Test the hypothesis that the average weekly earnings is 280 birr at 5% level of significance and
also construct a 95% confidence interval for the population mean earning.
To test the hypothesis that the average weekly earnings is 280 Birr, we will use a t-test. The null hypothesis is that the average weekly earnings is 280 Birr, and the alternative hypothesis is that it is not 280 Birr.
Given:
Sample size (n) = 400
Sample mean (x̄) = 250 Birr
Sample standard deviation (s) = 80 Birr
Significance level (α) = 0.05
To test the hypothesis, we can calculate the t-statistic using the following formula:
t = (x̄ - μ) / (s / sqrt(n))
Where:
x̄ = sample mean
μ = population mean (280 Birr in this case)

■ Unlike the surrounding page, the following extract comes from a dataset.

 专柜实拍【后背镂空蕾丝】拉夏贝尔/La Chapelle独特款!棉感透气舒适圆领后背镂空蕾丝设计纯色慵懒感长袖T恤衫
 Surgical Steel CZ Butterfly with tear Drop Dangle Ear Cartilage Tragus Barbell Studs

s = sample standard deviation
n = sample size
t = (250 - 280) / (80 / sqrt(400))
t = -30 / (80 / 20)
t = -30 / 4
t = -7.5
Next, we need to find the critical value for a t-distribution with (n-1) degrees of freedom at a significance level of 0.05. Since the sample size is large (n > 30), we can approximate the critical value using a standard normal distribution.

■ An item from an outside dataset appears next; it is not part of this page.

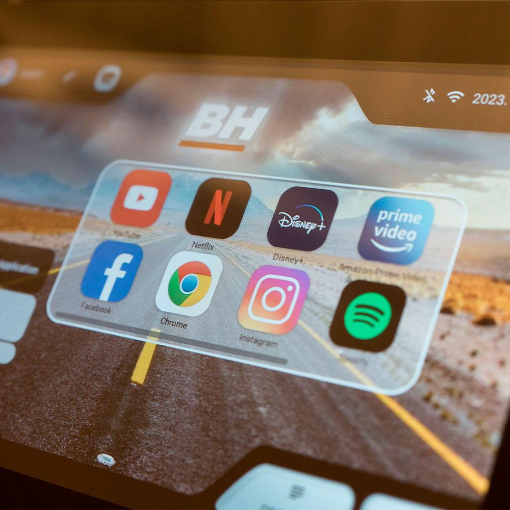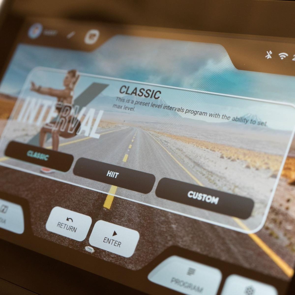 10" TFT-Monitor mit Touchscreen und 16 voreingestellten Trainingsmodi. Integrierte Apps (Netflix, Youtube, Disney+...) und Bildschirmspiegelung verfügbar. Möglichkeit zum Anschluss von Zusatzgeräten wie Pulsarmbändern oder Kopfhörern.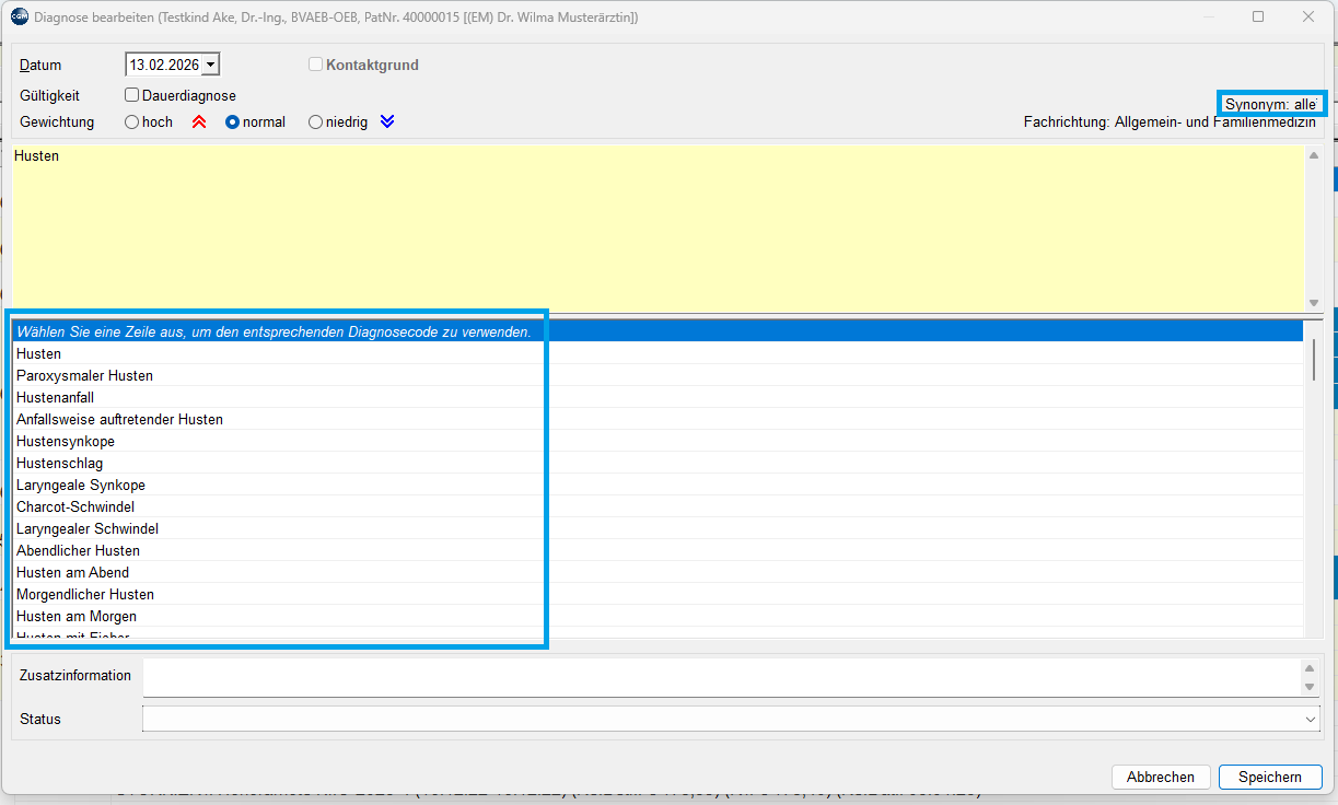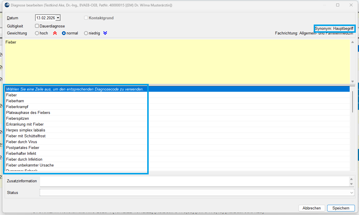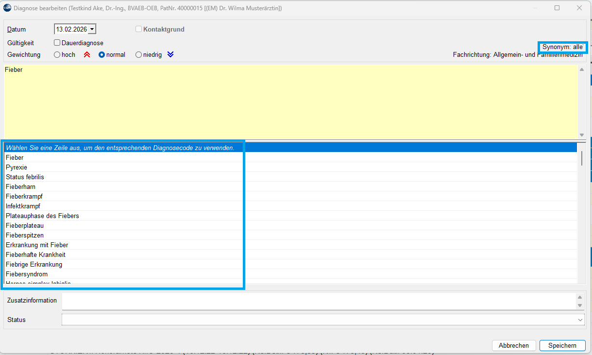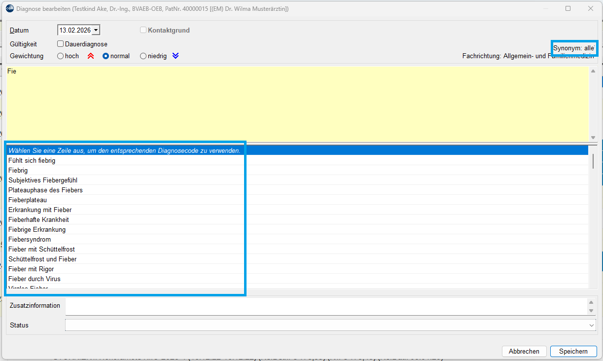 Die Einstellung kann mit einem Klick auf Synonym im Diagnosen-Fenster jederzeit angepasst werden.

The critical value for a 5% two-tailed test at α = 0.05 is approximately ± 1.96.
Since -7.5 is less than -1.96, we reject the null hypothesis. This means there is enough evidence to suggest that the average weekly earnings is not 280 Birr.
To construct a 95% confidence interval for the population mean earnings, we can use the following formula:
CI = x̄ ± (t * (s / sqrt(n)))
Where:
x̄ = sample mean
t = critical value for a t-distribution with (n-1) degrees of freedom at a 95% confidence level
s = sample standard deviation
n = sample size
CI = 250 ± (1.96 * (80 / sqrt(400)))
CI = 250 ± (1.96 * (80 / 20))
CI = 250 ± (1.96 * 4)
CI = 250 ± 7.84
The 95% confidence interval for the population mean earnings is (242.16, 257.84) Birr.